## EXERCISE BRIEF
Where a picture appears, skip it and copy everything else in the listing exactly.

Start of DATA PROVIDED

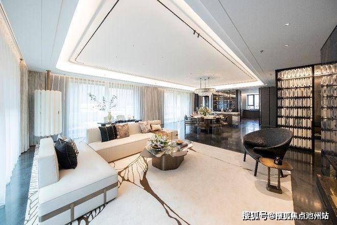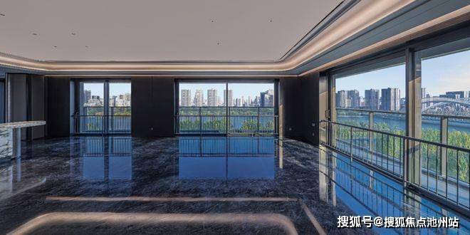 步入室内,LDK 一体化格局带来开阔流畅的空间体验。客厅、餐厅、厨房相互贯通,毫无阻隔。奢阔宽厅尺度惊人,为家庭聚会、朋友宴请提供了充足空间。地面采用深灰色巴西乌金纯天然石材整铺,质感温润细腻,彰显不凡品质。电视背景墙选用稀有的海洋之心天然奢石,其独特的纹理与色彩,宛如海洋深处的神秘宝藏,瞬间为整个空间增添了奢华大气的格调。再搭配 270°环幕落地窗,室内外景观得以完美融合,向内可将晋风园林的典雅精致尽收眼底,向外则能纵览汾河一线壮美河景,四季更迭,美景如画,仿佛将自然的诗意融入生活的每一刻。
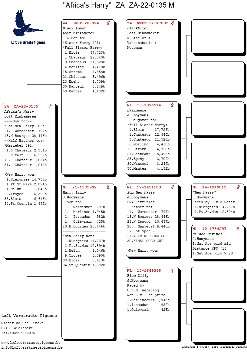 LOT 16 LOFT VERSTRAETE – ZA 22 0135 -Sire: ZA SRSP-20-924 – Black Loner Direct from Loft Einkamerer Top Hooymans / Harry family bloodline. Full brother to “Harry 421” Brother to the mother of “Full Sister Harry” – a hen responsible for outstanding performances: 1st Blois vs 37,728 birds 1st Châteauroux vs 22,340 birds 3rd Châteaudun vs 21,520 birds 6th Morlincourt vs 4,418 birds 15th Strombeek vs 4,358 birds 21st Châteauroux vs 5,496 birds 23rd Ephey vs 3,709 birds 30th Nanteuil vs 3,249 birds 50th Mantes vs 4,182 birds Grandson of “Blackbird” – a direct line of the legendary Vandenabeele × Koopman crossing, known for producing elite middle-distance champions. A proven genetic source of the world-famous Harry dynasty.—————-Dam: NL 21-1301992 – “Harry Lilly” Direct J. Hooymans hen from the Harry family Outstanding breeding hen from the New Harry line. Daughter of NL17-1411183 – Son New Harry (DNA Certified).SEE PEDIGREE!!!!
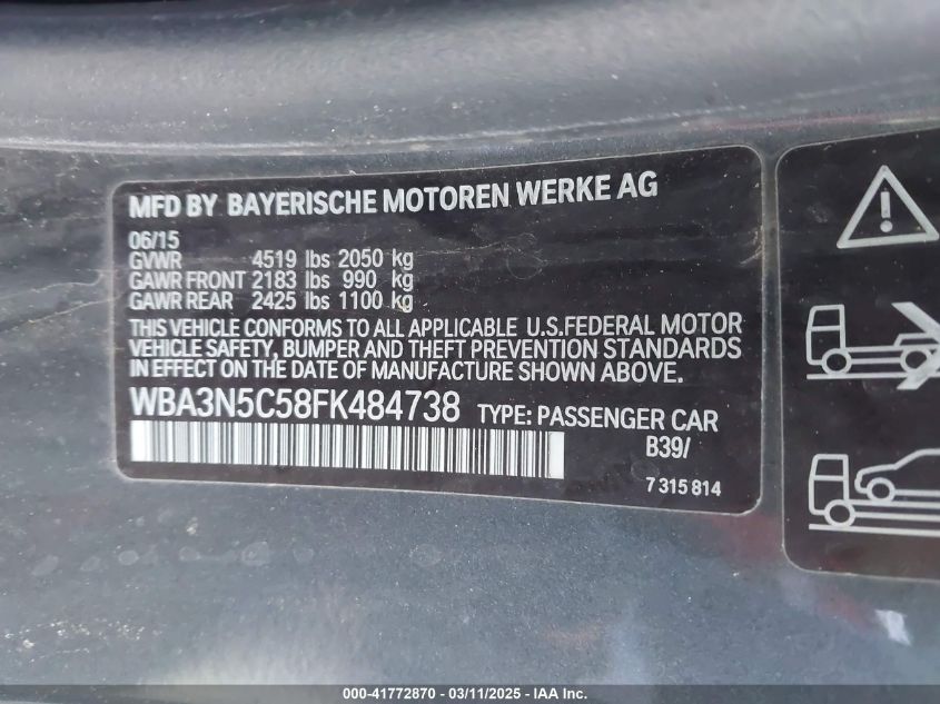 Color GrayCylinders 4Drive Full driveVIN WBA3N5C58FK******State Run & Drive VerifiedDamage Front rightAuction date 2025-03-24 AutoRIA

End of DATA PROVIDED

## RESPONSE AREA
 步入室内,LDK 一体化格局带来开阔流畅的空间体验。客厅、餐厅、厨房相互贯通,毫无阻隔。奢阔宽厅尺度惊人,为家庭聚会、朋友宴请提供了充足空间。地面采用深灰色巴西乌金纯天然石材整铺,质感温润细腻,彰显不凡品质。电视背景墙选用稀有的海洋之心天然奢石,其独特的纹理与色彩,宛如海洋深处的神秘宝藏,瞬间为整个空间增添了奢华大气的格调。再搭配 270°环幕落地窗,室内外景观得以完美融合,向内可将晋风园林的典雅精致尽收眼底,向外则能纵览汾河一线壮美河景,四季更迭,美景如画,仿佛将自然的诗意融入生活的每一刻。
 LOT 16 LOFT VERSTRAETE – ZA 22 0135 -Sire: ZA SRSP-20-924 – Black Loner Direct from Loft Einkamerer Top Hooymans / Harry family bloodline. Full brother to “Harry 421” Brother to the mother of “Full Sister Harry” – a hen responsible for outstanding performances: 1st Blois vs 37,728 birds 1st Châteauroux vs 22,340 birds 3rd Châteaudun vs 21,520 birds 6th Morlincourt vs 4,418 birds 15th Strombeek vs 4,358 birds 21st Châteauroux vs 5,496 birds 23rd Ephey vs 3,709 birds 30th Nanteuil vs 3,249 birds 50th Mantes vs 4,182 birds Grandson of “Blackbird” – a direct line of the legendary Vandenabeele × Koopman crossing, known for producing elite middle-distance champions. A proven genetic source of the world-famous Harry dynasty.—————-Dam: NL 21-1301992 – “Harry Lilly” Direct J. Hooymans hen from the Harry family Outstanding breeding hen from the New Harry line. Daughter of NL17-1411183 – Son New Harry (DNA Certified).SEE PEDIGREE!!!!
 Color GrayCylinders 4Drive Full driveVIN WBA3N5C58FK******State Run & Drive VerifiedDamage Front rightAuction date 2025-03-24 AutoRIA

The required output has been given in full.